What authors have most influenced your life? What about them do you find inspiring?

The idea of being “Chosen” and having special abilities likely came from Susan Cooper’s The Dark is Rising series. Later in life, the Game of Thrones series by George R.R. Martin fired my imagination, and I took the idea of each chapter title indicating which character perspective that chapter would be from, from that series. I loved the first person present perspective from Suzanne Collins’ The Hunger Games and enjoyed how real it made the action feel, so I borrowed that, too.

If you had to choose, is there a writer you would consider a mentor? Why?

I would have to choose Suzanne Collins. The immediacy and nitty-gritty realness and imperfection of her characters and the action, plus their bravery in the face of terrible odds, really changed the way I looked at and approached fantasy fiction.

Who designed the cover of your book? Why did you select this illustrator?

My beautiful cover art was created by Loraine Van Tonder of Ryn Katryn, Digital Art in South Africa. I decided to search on Facebook for a true artist since I thought so many of the self-pub covers coming out nowadays were so one-dimensional and uninspired. Her artwork, in contrast, was so beautiful and nuanced. She was so easy to work with and friendly and had wonderful ideas that really took my cover to the next level. The colors immediately grab your attention and draw you in, and the character renderings make you want to know more about them. Seeing her cover art for the first time was one of the highlights of my life. She managed to capture the magic, somehow.

Do you have any advice for other writers?

Don’t listen to that little voice that says you can’t do this. You can.
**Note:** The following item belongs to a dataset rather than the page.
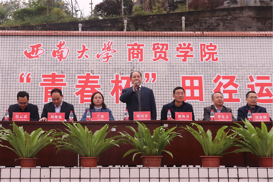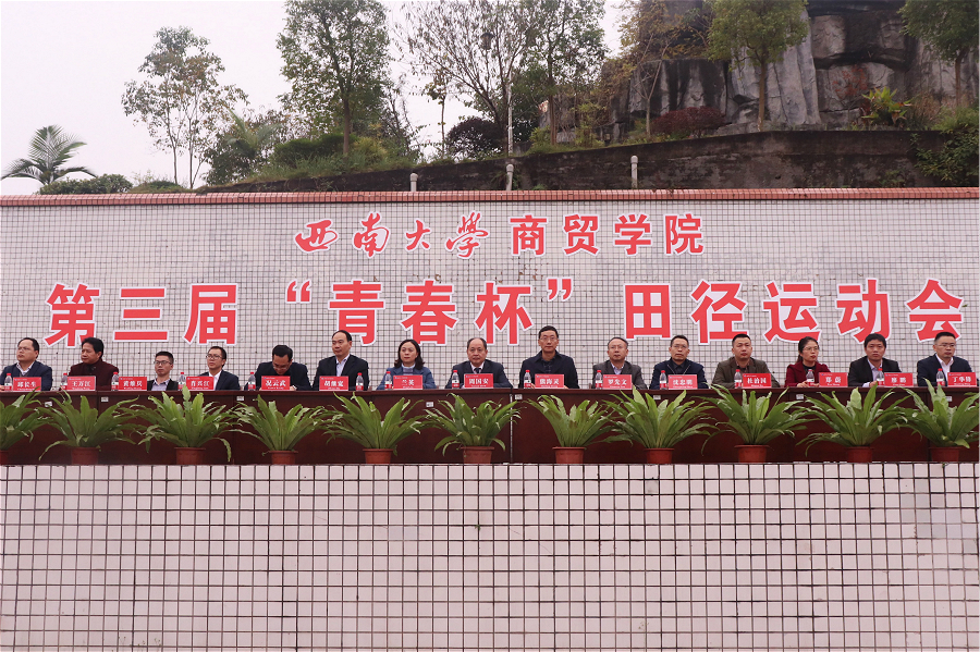 为积极响应新时代“健康中国,全民健身”的号召,继续开展实施学院五大人才培养计划之“青春健身计划”,增强学院师生凝聚力,展现商贸学子朝气蓬勃的青春风采,11月8日下午,学院第三届“青春杯”田径运动会开幕,学院党政领导班子、各系(部门)负责人、全体教职工以及全体同学参加了在田径场举行的开幕式。

Fill a bunch of notebooks with ideas, then sit down and start writing. Just start. That’s the hardest part, and once you do it, keep going. Don’t stop, ever. It’s the hardest thing you’ll ever do, but it’s so worth it, I promise you.

Do you have anything specific that you want to say to your readers?

Welcome to my world, and I hope you love it as much as I do. Thank you for believing in me, and please, tell others. I’d love to hear from you, so don’t be afraid to reach out on Facebook, Goodreads, or Twitter, though I don’t use Twitter much. I’m always looking for new friends.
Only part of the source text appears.